The American Civil Liberties Union sued in federal court on October 7, 2009 seeking to stop California’s policy of mandating that DNA is collected from anyone arrested for a felony, whether or not they are ever charged or convicted.
The policy is a result of Proposition 69, which was enacted by voters in 2004 and went into effect on Jan. 1, 2009.
Under this new law, people who are arrested for a felony must provide DNA samples that will be stored in a criminal database accessible to local, state, national, and international law enforcement agencies.
Instead of being limited to serious, violent offenses, the new requirement even applies to victims of domestic violence who are arrested after defending themselves, people wrongfully arrested due to police misconduct, someone who has written a bad check, and people arrested during political demonstrations.

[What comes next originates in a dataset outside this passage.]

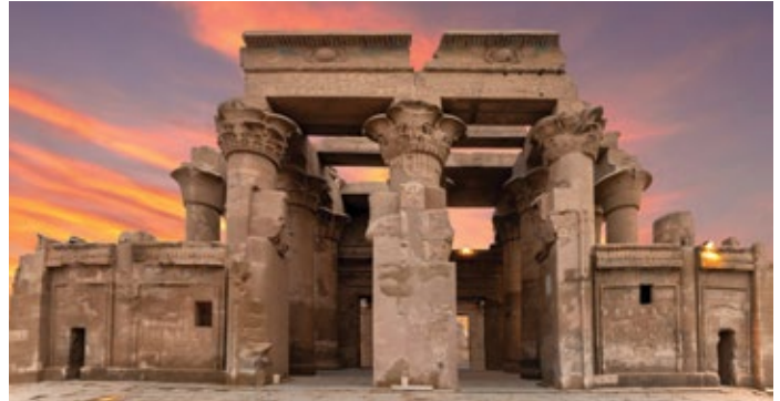
Temple of Kom Ombo, Kom Ombo, Egypt

During our 11-night Secrets of Egypt & the Nile itinerary, you'll enjoy three nights pre-cruise in Cairo at the 5-star Four Seasons Cairo at the First Residence, a 7-night Nile River cruise aboard the elegant AmaDahlia and one night post-cruise in Cairo, giving you the opportunity to explore sought-after sites by land and river. Discover ancient wonders such as the Great Hypostyle Hall of Karnak, the beguiling Temple of Luxor and the mystifying Valley of the Kings and Queens. Come face to face with King Tut's treasures as well as the Great Sphinx and the three Pyramids of Giza; and gain exclusive private access to the Tomb of Queen Nefertari and Cairo's Abdeen Presidential Palace. All of this and more is waiting for you in Egypt with AmaWaterways.

The law violates constitutional guarantees of privacy and freedom from unreasonable search and seizure, and because of the harmful impact on communities of color.

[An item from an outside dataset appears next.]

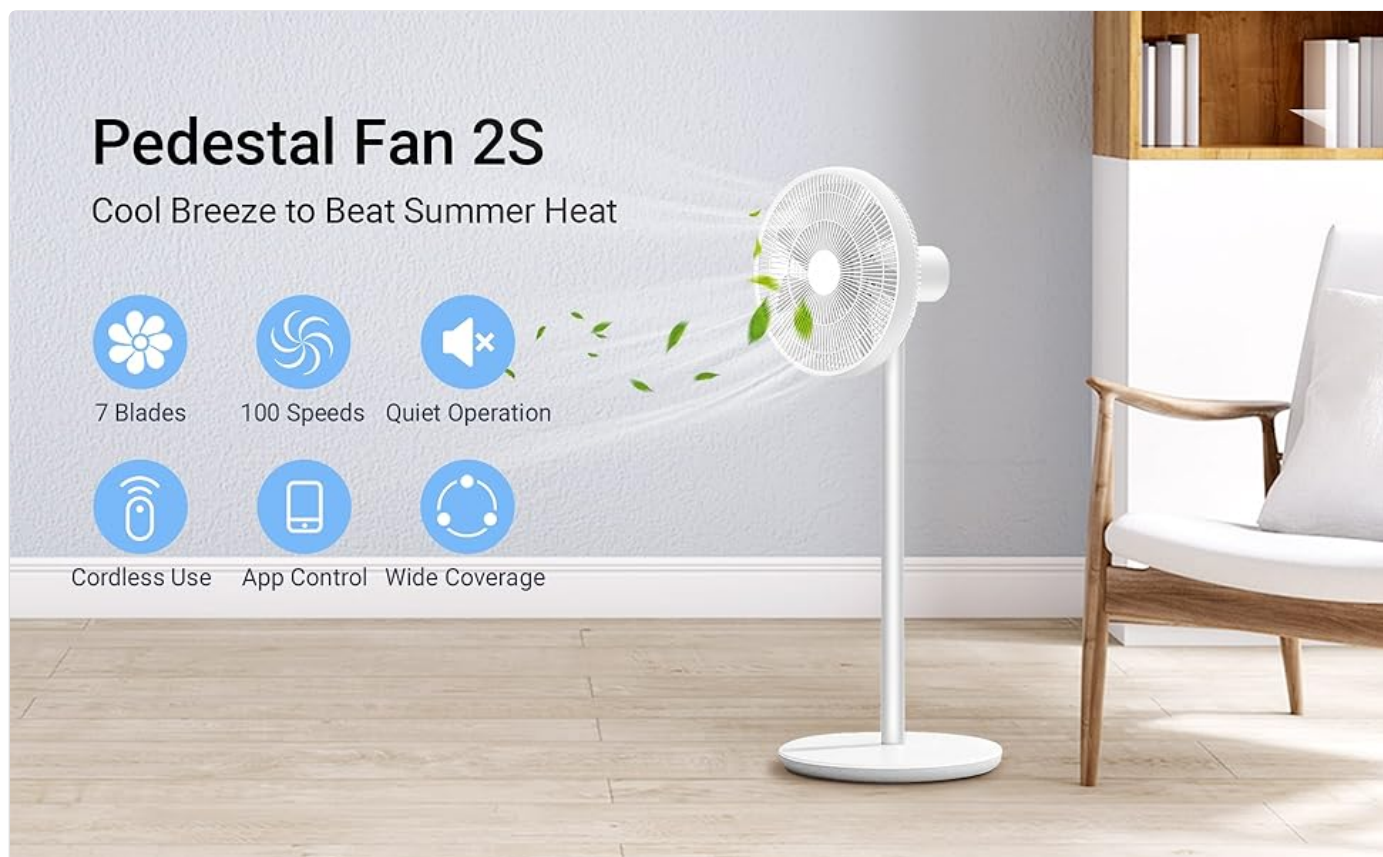
Figure 1: Smartmi Pedestal Fan 2S highlighting key features.

The Smartmi Outdoor Pedestal Fan 2S is designed to provide a natural and comfortable breeze for both indoor and outdoor environments. Featuring a premium DC inverter motor, this fan offers quiet operation, energy efficiency, and a long lifespan. Its cordless design and smart control options enhance user convenience and portability.

The suit, Haskell v. Brown was filed in the United States District Court for the Northern District of California in San Francisco. Paul, Hastings, Janofsky & Walker LLP is litigating the case with ACLU-NC on a pro bono basis.
On Oct. 30, 2009, the ACLU-NC filed a motion for a preliminary injunction, asking the court to stop the state from collecting, analyzing, and databanking DNA samples from Californians who have been arrested but not convicted of a crime.
In a disappointing ruling on Dec. 23, 2009, the court denied ACLU’s request for a preliminary injunction. The ACLU-NC has appealed that ruling. On Jan. 29, 2010, the court certified the case as a class action, and denied the government’s motion to dismiss the case. The lawsuit and advocacy for genetic justice continues.
The United States Court of Appeals for the Ninth Circuit heard the case on July 13, 2010, and we are awaiting its decision.